■ **Exercise requirements**
Transcribe the entries that follow exactly as they appear, minus pictures.
===== Provided material
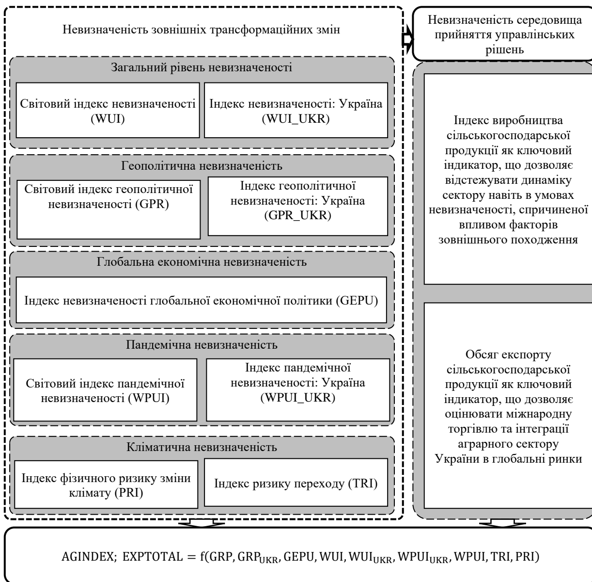
Рисунок 1 – Зв’язки між невизначеністю та показниками аграрного сектору (розроблено автором)

- Системи раннього попередження: Впровадження систем моніторингу для прогнозування погодних катаклізмів, зміни ринкових умов та інших ризиків. Це дозволить фермерським господарствам швидше реагувати на зміни та планувати заходи щодо їх мінімізації.
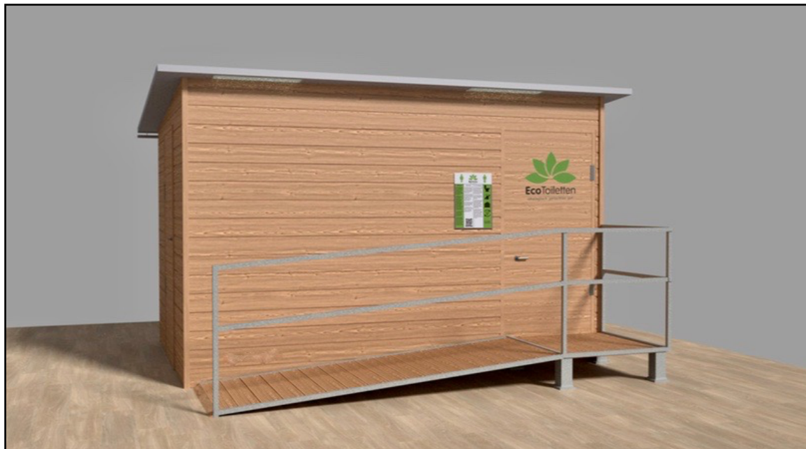
Rendering zur Aufteilung der Toilette. Links befindet sich der Zugang zum Serviceraum.
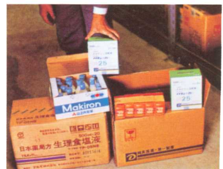
備蓄医薬品 Medical supplies stockpile

The national government, local governments, the Japan Red Cross Society, and related industries proceed to improve on the procurement and stockpiling of medical supplies required for medical relief activities in case of a disaster.
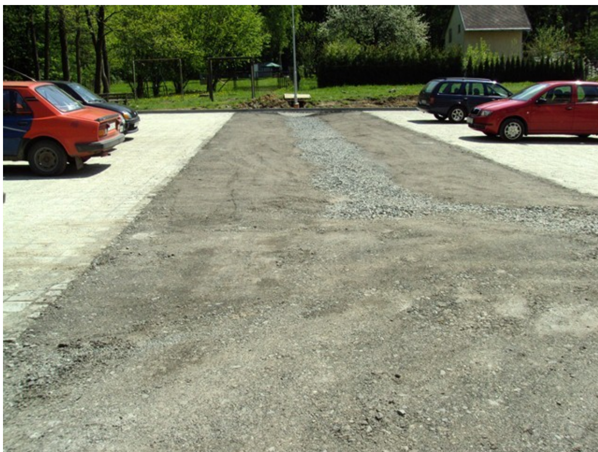
Obrázek č. 3 další dokončené parkoviště v severovýchodní části sídliště
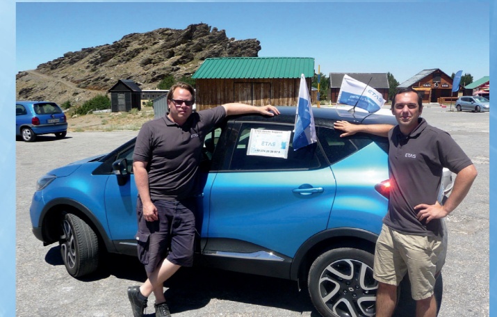
Das ETAS Support Team unterstützte Applikateure bei ihren Testfahrten in Granada, Spanien.
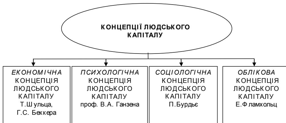
Рис. 3. Сучасні концепції людського капіталу*

*Примітка: узагальнено і систематизовано на підставі досліджених автором наукових джерел
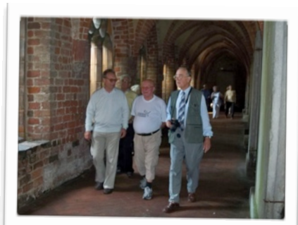
Jesteśmy pod wrażeniem przeszłego czasu.
==========
■ **Written answer**
Рисунок 1 – Зв’язки між невизначеністю та показниками аграрного сектору (розроблено автором)

- Системи раннього попередження: Впровадження систем моніторингу для прогнозування погодних катаклізмів, зміни ринкових умов та інших ризиків. Це дозволить фермерським господарствам швидше реагувати на зміни та планувати заходи щодо їх мінімізації.
Rendering zur Aufteilung der Toilette. Links befindet sich der Zugang zum Serviceraum.
備蓄医薬品 Medical supplies stockpile

The national government, local governments, the Japan Red Cross Society, and related industries proceed to improve on the procurement and stockpiling of medical supplies required for medical relief activities in case of a disaster.
Obrázek č. 3 další dokončené parkoviště v severovýchodní části sídliště
Das ETAS Support Team unterstützte Applikateure bei ihren Testfahrten in Granada, Spanien.
Рис. 3. Сучасні концепції людського капіталу*

*Примітка: узагальнено і систематизовано на підставі досліджених автором наукових джерел
Jesteśmy pod wrażeniem przeszłego czasu.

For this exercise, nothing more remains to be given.